## [What is needed]
Restate the records word for word. Include no pictures.

## [Material supplied]
☆ ☆ ☆ ☆ ☆ ☆ ☆

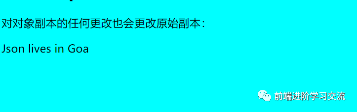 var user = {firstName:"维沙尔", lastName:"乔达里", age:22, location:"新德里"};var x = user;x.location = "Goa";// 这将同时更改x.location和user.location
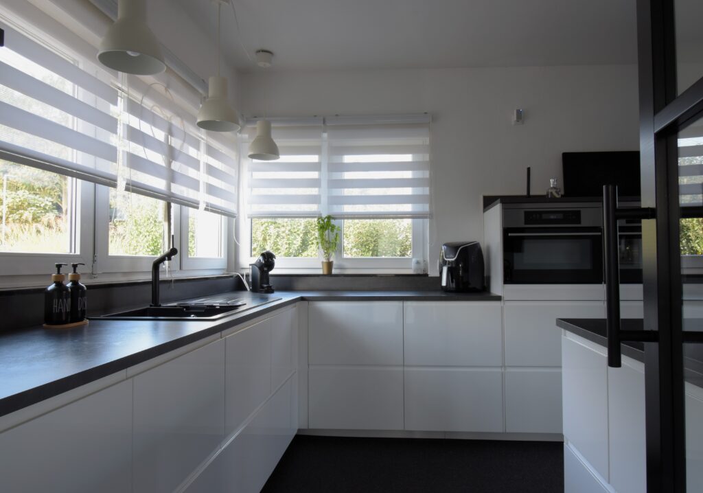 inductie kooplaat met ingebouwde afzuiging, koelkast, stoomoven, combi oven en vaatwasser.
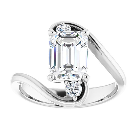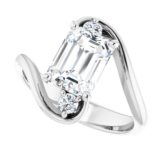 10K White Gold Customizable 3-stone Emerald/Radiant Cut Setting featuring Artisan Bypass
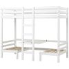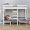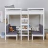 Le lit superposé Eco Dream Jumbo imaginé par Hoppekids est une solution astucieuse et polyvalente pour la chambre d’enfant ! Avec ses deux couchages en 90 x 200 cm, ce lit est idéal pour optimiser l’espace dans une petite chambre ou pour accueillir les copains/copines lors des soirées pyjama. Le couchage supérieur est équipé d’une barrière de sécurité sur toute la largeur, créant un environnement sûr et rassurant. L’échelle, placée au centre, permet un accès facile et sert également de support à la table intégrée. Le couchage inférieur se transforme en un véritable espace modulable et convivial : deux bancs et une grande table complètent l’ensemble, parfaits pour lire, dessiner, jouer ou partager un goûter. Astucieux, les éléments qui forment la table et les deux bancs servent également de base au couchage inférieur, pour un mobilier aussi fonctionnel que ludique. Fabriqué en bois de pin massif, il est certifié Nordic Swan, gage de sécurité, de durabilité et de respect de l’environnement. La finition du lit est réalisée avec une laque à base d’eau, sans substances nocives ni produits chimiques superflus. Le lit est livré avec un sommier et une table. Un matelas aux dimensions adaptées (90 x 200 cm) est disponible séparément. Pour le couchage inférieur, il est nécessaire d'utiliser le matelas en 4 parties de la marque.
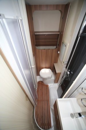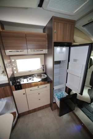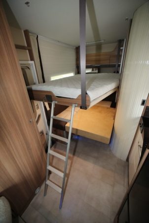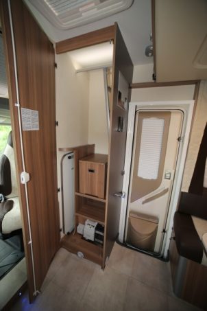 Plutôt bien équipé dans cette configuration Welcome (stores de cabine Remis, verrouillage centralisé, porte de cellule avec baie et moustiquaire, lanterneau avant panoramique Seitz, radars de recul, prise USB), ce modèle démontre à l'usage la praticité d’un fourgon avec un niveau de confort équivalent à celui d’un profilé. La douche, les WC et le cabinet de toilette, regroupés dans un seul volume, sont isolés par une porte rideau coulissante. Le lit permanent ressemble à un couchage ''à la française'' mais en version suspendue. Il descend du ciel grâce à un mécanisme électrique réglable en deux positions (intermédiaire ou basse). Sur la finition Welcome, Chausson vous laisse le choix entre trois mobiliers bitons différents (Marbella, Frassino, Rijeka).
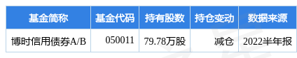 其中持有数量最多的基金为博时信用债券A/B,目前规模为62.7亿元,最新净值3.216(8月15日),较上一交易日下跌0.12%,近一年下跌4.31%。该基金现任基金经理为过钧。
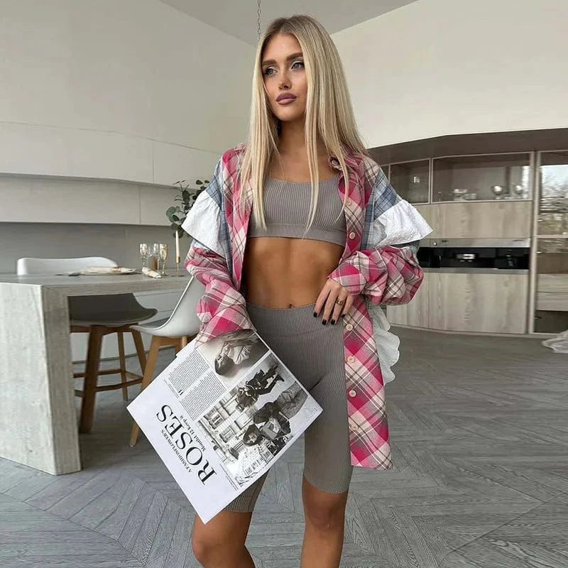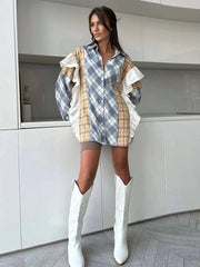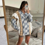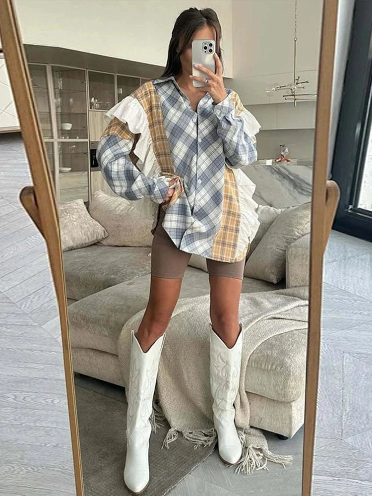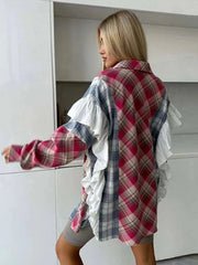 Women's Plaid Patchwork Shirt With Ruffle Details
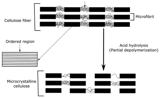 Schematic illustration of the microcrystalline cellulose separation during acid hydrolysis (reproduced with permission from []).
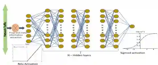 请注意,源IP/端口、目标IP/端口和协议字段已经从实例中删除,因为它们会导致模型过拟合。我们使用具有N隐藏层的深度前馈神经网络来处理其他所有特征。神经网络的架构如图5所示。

☆ ☆ ☆ ☆ ☆ ☆ ☆

## [Solution to this task]
 var user = {firstName:"维沙尔", lastName:"乔达里", age:22, location:"新德里"};var x = user;x.location = "Goa";// 这将同时更改x.location和user.location
 inductie kooplaat met ingebouwde afzuiging, koelkast, stoomoven, combi oven en vaatwasser.
 10K White Gold Customizable 3-stone Emerald/Radiant Cut Setting featuring Artisan Bypass
 Le lit superposé Eco Dream Jumbo imaginé par Hoppekids est une solution astucieuse et polyvalente pour la chambre d’enfant ! Avec ses deux couchages en 90 x 200 cm, ce lit est idéal pour optimiser l’espace dans une petite chambre ou pour accueillir les copains/copines lors des soirées pyjama. Le couchage supérieur est équipé d’une barrière de sécurité sur toute la largeur, créant un environnement sûr et rassurant. L’échelle, placée au centre, permet un accès facile et sert également de support à la table intégrée. Le couchage inférieur se transforme en un véritable espace modulable et convivial : deux bancs et une grande table complètent l’ensemble, parfaits pour lire, dessiner, jouer ou partager un goûter. Astucieux, les éléments qui forment la table et les deux bancs servent également de base au couchage inférieur, pour un mobilier aussi fonctionnel que ludique. Fabriqué en bois de pin massif, il est certifié Nordic Swan, gage de sécurité, de durabilité et de respect de l’environnement. La finition du lit est réalisée avec une laque à base d’eau, sans substances nocives ni produits chimiques superflus. Le lit est livré avec un sommier et une table. Un matelas aux dimensions adaptées (90 x 200 cm) est disponible séparément. Pour le couchage inférieur, il est nécessaire d'utiliser le matelas en 4 parties de la marque.
 Plutôt bien équipé dans cette configuration Welcome (stores de cabine Remis, verrouillage centralisé, porte de cellule avec baie et moustiquaire, lanterneau avant panoramique Seitz, radars de recul, prise USB), ce modèle démontre à l'usage la praticité d’un fourgon avec un niveau de confort équivalent à celui d’un profilé. La douche, les WC et le cabinet de toilette, regroupés dans un seul volume, sont isolés par une porte rideau coulissante. Le lit permanent ressemble à un couchage ''à la française'' mais en version suspendue. Il descend du ciel grâce à un mécanisme électrique réglable en deux positions (intermédiaire ou basse). Sur la finition Welcome, Chausson vous laisse le choix entre trois mobiliers bitons différents (Marbella, Frassino, Rijeka).
 其中持有数量最多的基金为博时信用债券A/B,目前规模为62.7亿元,最新净值3.216(8月15日),较上一交易日下跌0.12%,近一年下跌4.31%。该基金现任基金经理为过钧。
 Women's Plaid Patchwork Shirt With Ruffle Details
 Schematic illustration of the microcrystalline cellulose separation during acid hydrolysis (reproduced with permission from []).
 请注意,源IP/端口、目标IP/端口和协议字段已经从实例中删除,因为它们会导致模型过拟合。我们使用具有N隐藏层的深度前馈神经网络来处理其他所有特征。神经网络的架构如图5所示。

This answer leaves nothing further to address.